As any copyright lawyer worth her salt will tell you, it’s nearly impossible to own a copyright to a single sentence, title or slogan. Too bad for Bulwer-Lytton writing contestants. Inspired by the writings of the author of the famous, overly wordy opening sentence which began, “It was a dark and stormy night…,” these contestants compete to write the “worst,” wordy first sentence of fictitious fiction. See www.bulwer-lytton.com
I said “too bad.” These one-sentence wonders are simply too short to gain legal protection, in a long-winded sort of way. But put to the test to create a protectable work, we LGP attorneys could fix that. See for yourself. We added transitional language in italics to the winning entries of various categories and combined them into a single story, with the categories noted in parentheses. Observe:
Towards the dragon’s lair the fellowship marched – a noble human prince, a fair elf, a surly dwarf and a disheveled copyright attorney who was frantically trying to find a way to differentiate this story from “Lord of the Rings.” (Fantasy) But that was not important right now. As he crossed the Nebbish Desert, lawyer Trevor Earp had greater problems than fire-breathing creatures and looming infringement claims. The wind dry-shaved the cracked earth like a dull razor – the double edge kind from the plastic bag that you shouldn’t use more than twice, but you do; but Earp had to face it as he started the second morning of his hopeless search for Drover, the Irish wolfhound he had found as a pup near death from a fight with a prairie dog and nursed back to health, stolen by a traveling circus so that the monkey would have something to ride. (Animals)
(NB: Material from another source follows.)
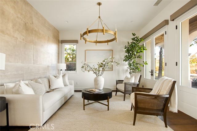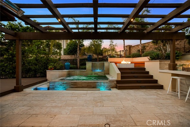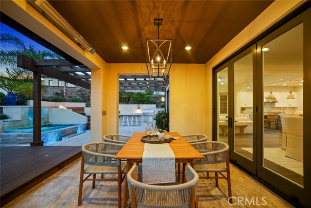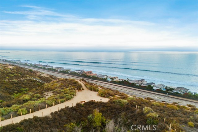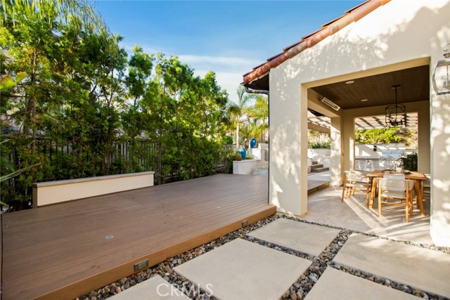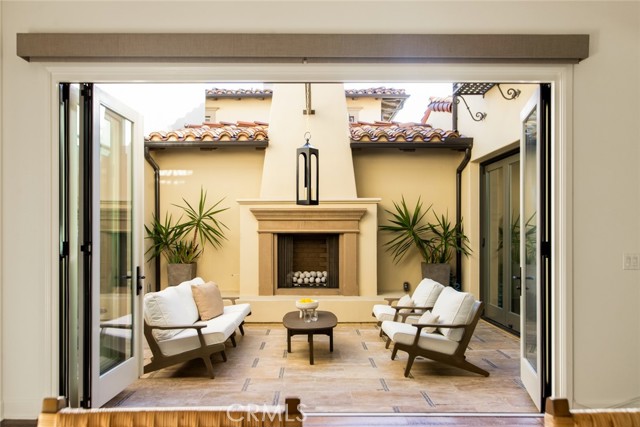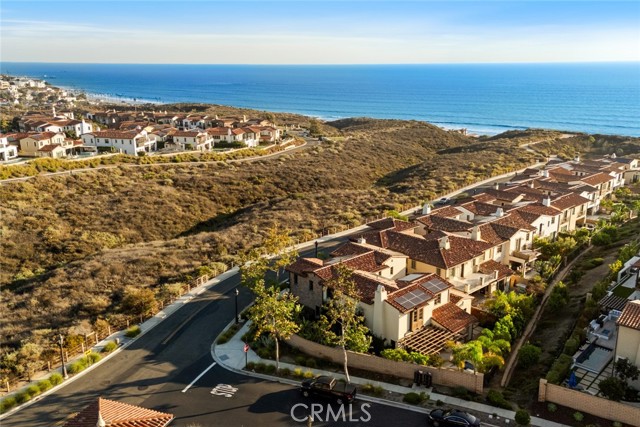 Life by the ocean is elevated to an impressive new level of luxury at this exquisitely appointed Azure home at Sea Summit in San Clemente. Beautiful ocean and canyon views are enjoyed from both levels of the residence and its welcoming front patio with built-in seating and an open-air fireplace. Romantic architecture with stone accents and dramatic archways is embellished with drought-tolerant native landscaping and custom hardscaping on grounds that extend approximately 9,228 square feet. The sought-after corner homesite reveals a side patio with built-in seating, a private interior courtyard with fireplace, a sport court, and a resort-style backyard with infinity-edge spa, elevated deck with fire pit, a heated loggia with wood-plank ceiling, and a custom kitchen with grill, sink, refrigerator and bar. Interior spaces are sublime, with a soft-contemporary aesthetic that complements open living areas, a double-height foyer with arched entry door, four ensuite bedrooms, a loft and five baths. Approximately 4,244 square feet, the comfortably sized design showcases a formal living room with two sets of French doors opening to the front patio, a formal dining room with walls of glass doors leading to the courtyard and backyard, and a main-level guest suite with backyard access. The dining room flows effortlessly to the family room, where a fireplace, surround sound, and glass doors opening to the loggia are displayed. The kitchen is a masterpiece of fashion and function, blending top-of-the-line Wolf and Sub-Zero appliances with on-trend stone countertops, Shaker cabinetry, a large island with seating, butler's pantry, stainless steel apron sink, and designer tile backsplash. Numerous windows illuminate the home with natural light that accentuates wood flooring, premium carpet, custom paint and wall treatments, sophisticated LED lighting fixtures, ceiling fans, built-in cabinetry throughout, and Juliet balconies in many rooms. Enjoy romantic ocean views from the deck off a primary suite that hosts an oversized walk-in closet with built-ins, a soaking tub and spacious shower. Solar power, an expansive laundry room and a two-car garage are also featured. Sea Summit is nestled along oceanfront bluffs and presents scenic trails, beach access, preserved canyons and open space, five community parks, and a lux clubhouse with pool, spa, gym and lounge areas. Restaurants and shops are moments from home at Outlets at San Clemente, and award-winning schools are nearby.
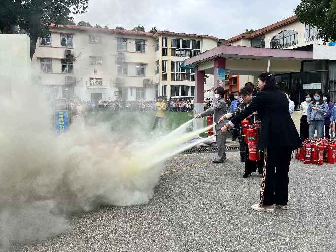 最后,全体老师和职工进行灭火器灭火实操的练习,小朋友们也观看了灭火的全过程。

For his own part, the surly dwarf – affectionately known as “Windy Indy” for his frequent flatulence -- ruminated on the unfairness of it all, facing up to his own special quest. How best to pluck the exquisite Toothpick of Ramses from between a pair of acrimonious vipers before the demonic Guards of Nicobar returned should have held Indy’s full attention, but in the back of his mind he still wondered why all the others who had agreed to take part in his wife’s holiday scavenger hunt had been assigned to find stuff like a Phillips screwdriver or blue masking tape. (Adventure)
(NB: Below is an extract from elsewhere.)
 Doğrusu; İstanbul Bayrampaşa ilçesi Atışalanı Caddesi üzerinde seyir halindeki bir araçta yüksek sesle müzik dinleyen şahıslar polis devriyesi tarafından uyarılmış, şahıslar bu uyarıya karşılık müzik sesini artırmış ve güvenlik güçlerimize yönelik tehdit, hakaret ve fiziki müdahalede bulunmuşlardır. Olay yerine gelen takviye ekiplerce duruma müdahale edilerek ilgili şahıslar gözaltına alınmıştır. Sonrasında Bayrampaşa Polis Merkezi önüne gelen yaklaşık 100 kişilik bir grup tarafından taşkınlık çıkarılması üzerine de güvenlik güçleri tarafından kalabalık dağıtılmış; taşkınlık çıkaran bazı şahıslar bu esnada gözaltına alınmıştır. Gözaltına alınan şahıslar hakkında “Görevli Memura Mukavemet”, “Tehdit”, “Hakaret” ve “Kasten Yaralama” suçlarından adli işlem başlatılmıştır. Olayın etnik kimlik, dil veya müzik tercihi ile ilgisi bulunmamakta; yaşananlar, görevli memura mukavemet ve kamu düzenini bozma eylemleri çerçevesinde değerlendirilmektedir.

Admired in her own land as the fairest of them all, the elf made no such impression on the rest of the fellowship, and she in turn made no secret of her attitude toward the “noble” prince, Gillame. Fleur looked down her nose at Gilliame, something she was accomplished at, being six foot three in her stocking feet, and having one of those long French noses, not pert like Brigitte Bardot’s but more like the one that Charles De Gaulle had when he was still alive and President of France and he wore that cap that was shaped like a little hatbox with a bill in the front to offset his nose, but it didn’t work. (Only the French)
At last the fellowship found the circus, set up near the hamlet closest to the dragon’s land. Upon entering the Big Tent, they espied a graceful woman in the center ring, walking on giant stilts. She walked in on legs as long as one of those long-legged birds that you see in Florida – the pink ones, not the white ones – except that she was standing on both of them, not just one of them, like those birds, the pink ones, and she wasn’t wearing pink, but I knew right away that she was trouble, which those birds usually aren’t. (Detective)
But – though they never found Drover there – the four agreed they witnessed a show which would never be equaled. The highlight was Buster the flying baboon. “Buster,” it turned out, was aptly named. In a flurry of flame and fur, fangs and wicker, thus ended the world’s first and only hot air baboon ride. (Adventure) Absorbing all he had just experienced, Trevor murmured, “They should’ve used a prairie dog.”